Seniors eligible for subsidies
In a separate ST forum dated 13 December, Chan Beng Seng, the Group Director, Subvention of the Ministry of Health (MOH), said that seniors from the Pioneer Generation (PG) and Merdeka Generation (MG) are “eligible for subsidies when they are referred to public specialist outpatient clinics (SOCs) not only by polyclinics but also by Community Health Assist Scheme (Chas) general practitioner clinics.”
In fact, these subsidised patients at the SOCs can enjoy up 75% subsidies for outpatient care. Additionally, PG and MG elderly individuals can also receive additional subsidies for subsidised services and medications.
He continued, “PG and MG seniors who are already private patients at the public hospitals’ SOCs can approach the SOC staff to apply to switch to become subsidised patients if they wish to enjoy the additional PG and MG subsidies. The quality of care provided to subsidised patients, who are assigned doctors, is no different from that for private patients.”
Mr Chan went on to say that MOH will “continue to ensure that healthcare remains affordable for Singaporeans”, and that they will not be “denied appropriate medical care due to an inability to pay.
Singapore National Eye Centre promised to reduce charges for complex procedures
Being charged high at public hospitals or centres is not something new in the country. Earlier this year, the nation was shocked to find out that Medishield Life only paid S$4.50 for an elderly man’s S$4,477 post-subsidy bill.

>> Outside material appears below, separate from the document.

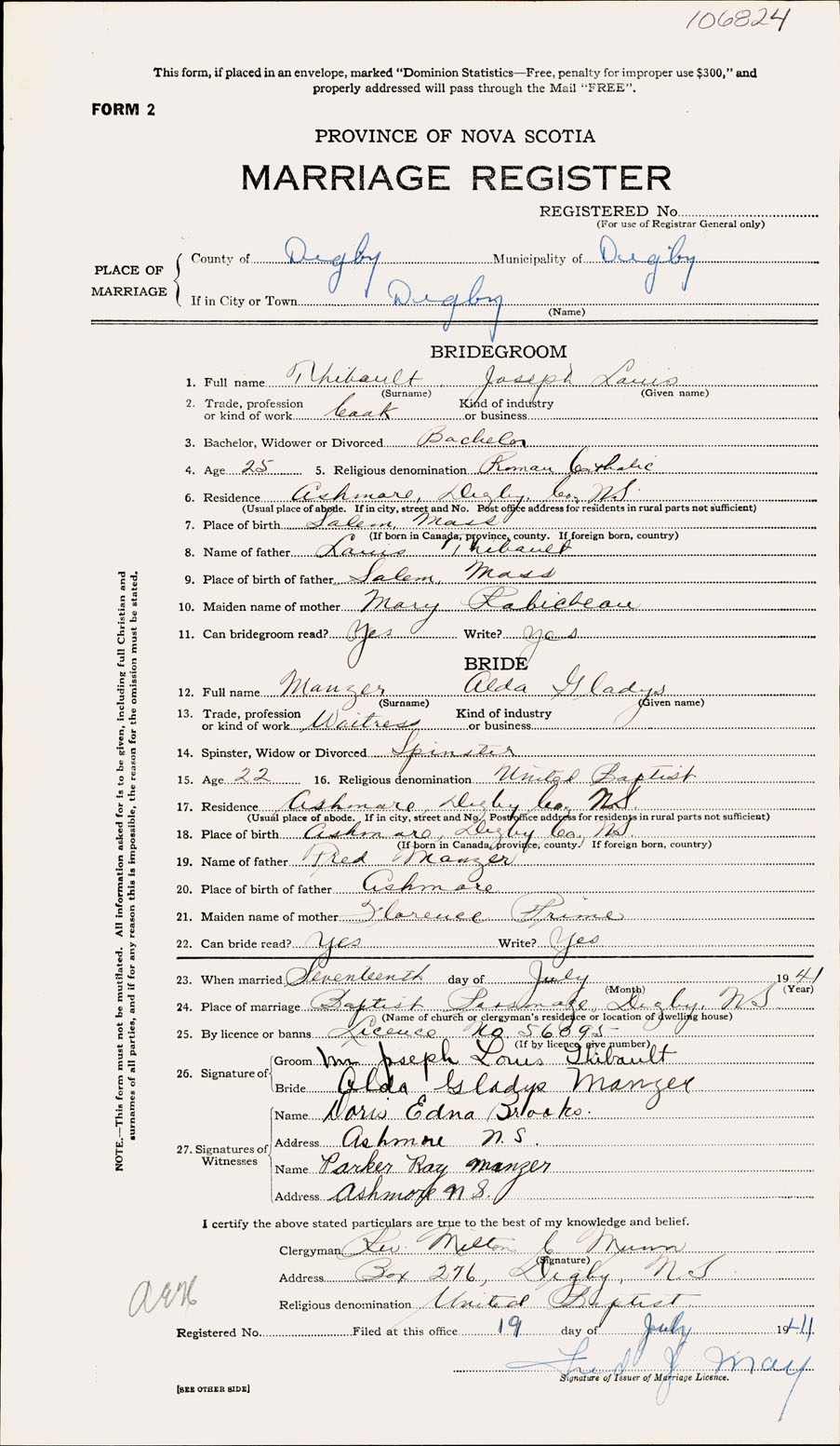Registration: Year: 1941 number: 106824

The elderly, Mr Seow Ban Yam received a bill that amounted to over S$12,000 for his cataract operation on both eyes at Singapore National Eye Centre (SNEC). After government subsidies, the bill came up to S$4,477 and the elderly man paid S$3000 of that out of his Medisave account.

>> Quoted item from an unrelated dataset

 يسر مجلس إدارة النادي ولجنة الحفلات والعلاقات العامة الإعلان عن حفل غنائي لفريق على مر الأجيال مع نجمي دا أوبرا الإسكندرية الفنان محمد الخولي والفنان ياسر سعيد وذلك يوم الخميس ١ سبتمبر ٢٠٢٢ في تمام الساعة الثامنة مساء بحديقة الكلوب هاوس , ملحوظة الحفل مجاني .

Mr Seow had an impression that MediShield Life would cover 90 per cent of the remaining S$1,477. To his shock, the national insurance only paid out S$4.50 after it said that it imposes a S$2,800 cap on the procedure he underwent.

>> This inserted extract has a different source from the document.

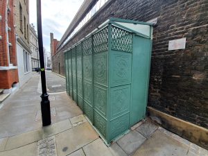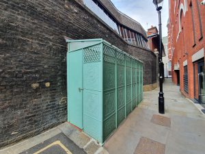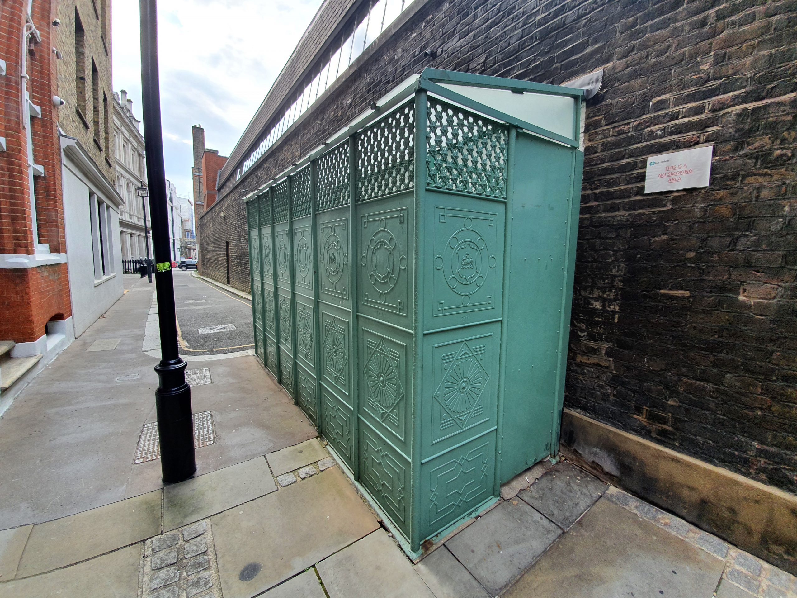 Like most public conveniences in the city, they’re now permanently closed and have been for some time. They’re now just locked shut, although it’s not entirely clear what the owners can do with them other than just use them as some storage shed. The area around them is now all relatively modern, so they’re a reminder of what once was here.

This means that the maximum reimbursement for such a procedure each year is S$2800 + plus actual ward fees of S$205. This totals to S$3,005 and out of this amount, S$3,000 has to be taken from patient’s own CPF funds. This leaves only S$5 that is claimable by insurance. Hence, MediShield Life paid 90 per cent of that S$5 – amounting to a paltry S$4.50.
Following this incident, SNEC promised to review and make adjustments to its charges periodically for complex procedures. It noted it will cut its charges to strike a balance between cost recovery and patient affordability. The cost for most common procedures, such as cataract and glaucoma surgery, are closely monitored to ensure patients can pay with Medisave and make minimal cash outlay.
SNEC recognises that it could do more often cost reviews to close the prevailing gaps between cost burden of patients and what it charges for the hospital to survive financially.
“With the latest review of SNEC’s charges to better align a wider range of procedures with Medisave and MediShield claim limits, patients requiring complex operations of higher surgical table codes will see reduced charges, including that which Mr Seow underwent,” SNEC’s Chief Operating Officer, Ms Charity Wai, said.
In March, SNEC announced that it has reduced fees for 20 procedures by 15%-25%, and this could save people several hundred dollars.
Its spokesman told The Straits Times that the cut in fees will affect about 14,500 procedures done yearly at the eye centre.
He added that the drop in prices was possible by “reviews of care models, improvements to operational efficiency and regular adjustment in MOH funding support in accordance with changes in cost of care provision”.